# ETL Pipeline Explanation

This notebook explains the ETL pipeline step by step.

## 1. Overall Flow
The pipeline:
1. **Extracts** data from multiple sources: a CSV file, an API, and a PostgreSQL database.
2. **Transforms** the data through cleaning, enrichment, and validation.
3. **Loads** the transformed data into a CSV file for storage or further analysis.
4. **Logs** each step of the process for monitoring.

## 2. Step-by-Step Explanation

### Extraction
The `extract_data` function gathers data from:
1. **CSV File**:
   - Attempts to read a local `data.csv` file.
   - If the file isn’t found, it logs the event and moves on.

2. **API**:
   - Calls a placeholder API (`https://jsonplaceholder.typicode.com/posts`).
   - If successful, converts the API response (JSON) into a pandas DataFrame.
   - Logs the success or failure of the request.

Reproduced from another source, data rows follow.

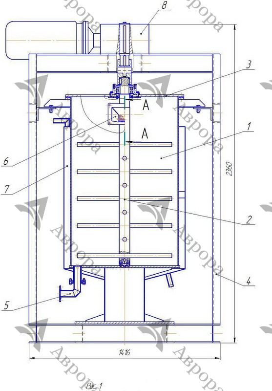 Мельница состоит из камеры измельчения 1 выполненной в виде вертикального цилиндра, внутри которой установлен вал с пальцами 2. Камера измельчения заполняется шариками, приводящимися в движение пальцами вала. Вал приводится во вращение от мотор –редуктора 8. Камера измельчения снабжена теплообменной водяной рубашкой 7, с помощью которой камера измельчения и вал с пальцами прогреваются перед работой, предотвращая застывание продукта при длительных остановках мельницы, и охлаждаются во время работы.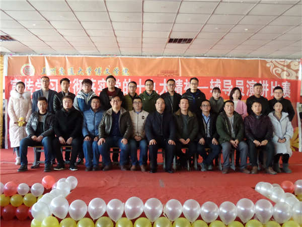 为深入宣传学习贯彻落实党的十九大精神,提高辅导员政治素养和业务水平, 加强我院辅导员队伍专业化、职业化发展,进一步提升我院学生思想政治教育和学生管理工作水平。12月20日下午14:30分,由学生处举办的宣传学习贯彻落实党的十九大精神——辅导员演讲比赛在学院体育馆301室举行。 学生处处长刘炳田,副处长张宏亮、刘秀星和各系学生管理副主任出席了本次活动并担任了评委,与300余名学生一起观看了这场精彩的演讲比赛。 本次演讲比赛以“不忘初心,牢记使命”为主题,来自学院各系的全体专职辅导员参加了比赛。比赛中,各位参赛辅导员立足本职工作、紧密围绕活动主题、结合十九大精神的学习,就个人如何开展学生思想政治教育和学生管理工作,如何做好大学生的人生导师和健康成长的引路人,如何深爱辅导员事业畅谈心得体会,充分展示了他们对辅导员工作的热爱,引起了在场观众的强烈共鸣,掌声不断,并得到现场师生的一致好评。 经过激烈角逐,交通运输系杨紫尧荣获一等奖,电信工程系陶佳、土木工程系巩岩荣获二等奖,外国语系王立童、艺术设计系王振伊、土木工程系杨生浩荣获三等奖。经信管理系赵磊、机电工程系张嘉、交通运输系安永刚、经信管理系李岩荣获优秀奖。 通过此次比赛,促进了各系辅导员之间相互交流学习,充分调动了辅导员工作积极性、主动性和创造性,进一步提升了我院大学生思想政治教育和学生管理工作水平,为下一步做好我院大学生思政政治教育工作打下了坚实基础。 学生处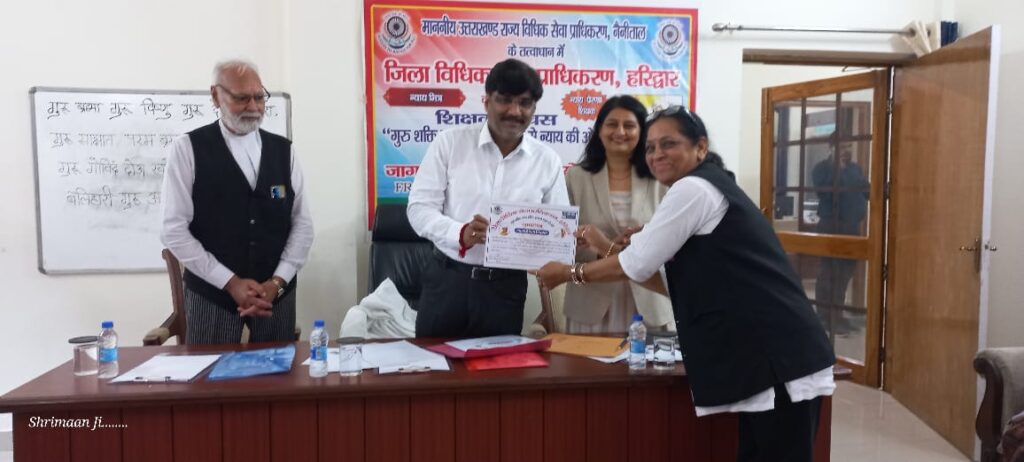 पंडित दिव्यांश शर्मा स्वतन्त्र पत्रकार हरिद्वार, 26 सितंबर 2025: उत्तराखंड राज्य विधिक सेवा प्राधिकरण नैनीताल के निर्देशानुसार जनपद न्यायाधीश अध्यक्ष, जिला विधिक सेवा प्राधिकरण हरिद्वार नरेंद्र दत्त की अध्यक्षता में दिनांक 25-09-2025 को जिला विधिक सेवा प्राधिकरण हरिद्वार के सभागार में न्याय प्रेरणा शिक्षक गुरु शक्ति न्याय शक्ति ज्ञान से न्याय की ओर अभियान के अंतर्गत प्राधिकरण द्वारा कार्यक्रम आयोजित किया गया।मुख्य अतिथि माननीय जिला जज नरेंद्र दत्त द्वारा स्कूल, कॉलेज, महाविद्यालय, विश्वविद्यालय और अन्य विभागों से आए समस्त गणमान्य व्यक्ति एवं शिक्षकगण को प्रमाण पत्र देकर सम्मानित किया गया। समाज में गुरुजनों का महत्व बताते हुए यह संदेश दिया गया कि गुरु के बिना इस जीवन में ज्ञान प्राप्त करना एक कठिन कार्य है तथा बच्चों के संपूर्ण विकास हेतु शिक्षा और न्याय दोनों ही महत्वपूर्ण अधिकार हैं जोकि हमारे शिक्षकगण द्वारा फलीभूत किए जाते हैं। इस अवसर पर कार्यक्रम के अंत में सचिव सिमरनजीतकौर द्वारा जिला विधिक सेवा प्राधिकरण हरिद्वार के अंतर्गत विद्यालयों में स्थापित किए जा रहे बाल न्याय क्लब व महाविद्यालय के अंतर्गत स्थापित व कार्यरत लीगल एड क्लिनिक के विषय में जानकारी साझा करते हुए अधिक से अधिक विद्यालयों में स्थापित करने का आव्हान किया और सभी का धन्यवाद ज्ञापित किया गया।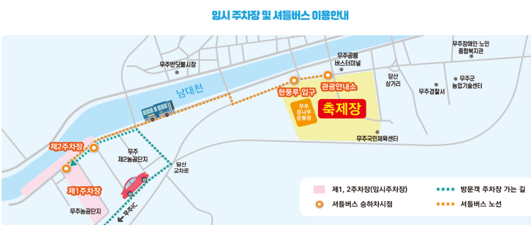 주차장: 전북 무주군 무주읍 당산리 1723 / 당산강변로 32 (주차 후 셔틀버스로 행사장으로 이동)

3. **PostgreSQL Database**:
   - Connects to the PostgreSQL database using provided credentials via `SQLAlchemy`.
   - Runs a SQL query (`SELECT ... FROM rnc_database LIMIT 100`) to fetch data.
   - Logs whether the connection and data extraction were successful.

Finally, it **combines all data** into a single DataFrame using `pd.concat`.

### Transformation
The `transform_data` function performs several tasks:
1. **Cleaning**:
   - Drops duplicate rows.
   - Removes rows where the `id` column has `NaN` values (as `id` is critical for merging and analysis).

2. **Handling List-Like Values**:
   - Ensures that the `id` column doesn’t contain unhashable types like lists.

3. **Standardization**:
   - Converts the `timestamp` column to datetime format, handling errors gracefully.
   - Standardizes the `name` column by filling missing values and converting to strings.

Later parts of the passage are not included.